Мужская заначка — это деньги особые. Это не только возможность потратить их безотчетно и в любом имеющемся в наличии количестве.
Мужская заначка — это символ. Знак мужской независимости, умение зарабатывать. Ума, если хотите. Сообразительности, хитрости, предприимчивости. И — одновременно — мужская тайна, оберегаемая и увлекательная, как курение в подростковом возрасте.
Опытный женатый мужчина эту тайну холит и лелеет. И, конечно же, никому, никогда и ни за что не откроет. Зеленый же новичок, молодожен, в этих хитростях еще не искушен. А потому на вопрос супруги:
— Что там?
Владимир Ильич простодушно щелкнул замками.
— О! — воскликнула Надежда Константиновна и полезла внутрь двумя руками.
— Ты что?
— Хочу купить себе сапоги на шнуровке и юбку, — пояснила она.
Сапоги были действительно к месту. Надвигались холода.
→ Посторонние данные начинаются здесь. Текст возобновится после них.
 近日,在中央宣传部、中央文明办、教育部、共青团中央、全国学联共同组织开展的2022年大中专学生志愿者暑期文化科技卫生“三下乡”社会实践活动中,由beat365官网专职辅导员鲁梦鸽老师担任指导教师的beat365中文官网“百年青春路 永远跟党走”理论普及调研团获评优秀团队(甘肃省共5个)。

Но юбка? Зачем юбка?
Из вещей у Надежды Константиновны имелся великолепный универсальный плащ. Со спины в нем невозможно было определить даже пол человека. А вывернутый наизнанку подкладкой вверх он вполне мог использоваться как женское платье. Великолепная маскировочная одежда для революционной деятельности!
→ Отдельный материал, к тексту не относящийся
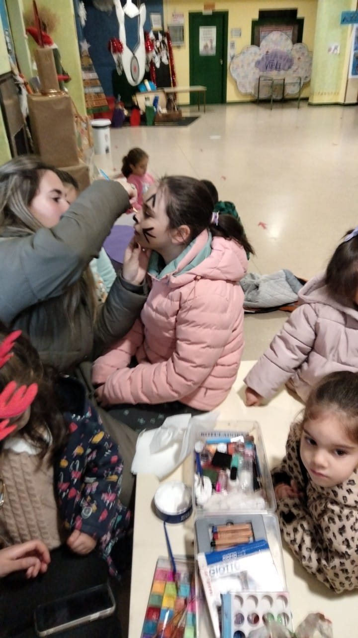 Para poner el broche final a la jornada, y antes de que los niños regresaran a sus hogares para la celebración familiar de Nochevieja, se llevó a cabo una sesión de pintacaras. Los participantes abandonaron las instalaciones caracterizados con motivos festivos y luciendo los complementos elaborados durante la mañana, cerrando así un año de actividades del programa Conciliamos con ilusión, creatividad y diversión.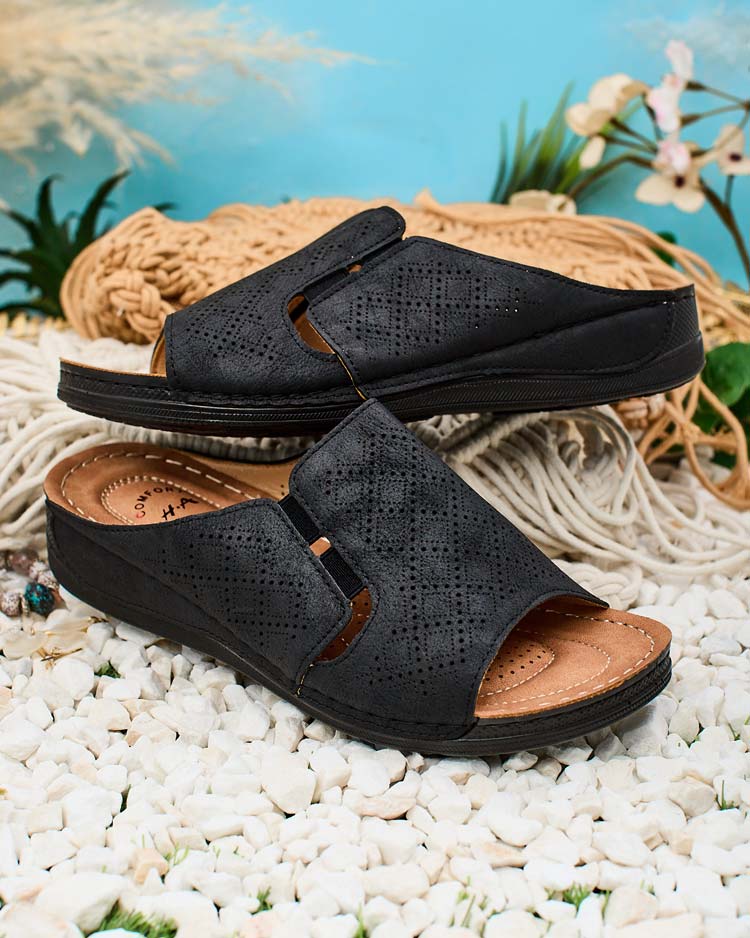 - Чудові жіночі шльопанці на плоскій підошві. Виготовлені повністю з екологічної шкіри. Мають ажурний верх. Ідеальний вибір для відпустки!

— Зачем тебе еще юбка? — удивился Владимир Ильич.
— Хочу! — надула губы Надежда Константиновна.
И супруг уступил.
Углядела она и толстую коленкоровую тетрадь.
— А что там?
— Там о кружках.
— Я посмотрю.
Надежда Константиновна внимательно, неторопливо пролистала тетрадь.
— Знаешь, Володя, я вижу здесь прекрасный статистический материал — сведения о заводах, продукции, объемах производства и численности персонала.
— Это помогает мне контролировать кружки и прогнозировать их развитие.
— Вижу — все в динамике. А ведь из этого может родиться замечательная марксистская работа «Развитие капитализма в России».
— Я подумаю.
— И думать нечего! Садись за письменный стол прямо завтра. А за сундучком я пригляжу. Где ключик?
— Зачем он тебе?
— Ты увлечешься работой и можешь его потерять.
— Я ношу его на цепочке на шее.
— Тем более надо отдать его мне.
— Почему?
— Русский народ в массе своей верит в бога. И на шее носит крестик. А если узнает, что у тебя там ключ, то отвернутся и от тебя и от марксизма. Этого нельзя допустить!
— Ну, хорошо, хорошо!
Охота
Весна в Шушенском принесла Владимиру Ильичу новое увлечение. Весной он пристрастился к охоте.
Соратники отмечали его гуманное отношение к животным. Он никогда не брал с собой ружье. Никогда не стрелял по слабым и беспомощным зверькам. Ведь так их можно только ранить. И несчастное животное будет страдать и мучиться. Душу рвет подобная картина! Да и шкура в дырках здорово теряет в цене.
На охоту он обычно отправлялся с толстой суковатой палкой. В половодье, по реке он объезжал в утлой лодчонке полузатопленные острова. На них оставались отрезанные от суши зайцы. Жалкие, мокрые, дрожащие от страха и холода, они испуганно жались подальше от человека.
Владимир Ильич осторожно брал их по одному за длинные теплые уши и тюкал своей суковатой палкой по голове. Зверьки затихали. Он бережно укладывал их в штабель на дно лодки.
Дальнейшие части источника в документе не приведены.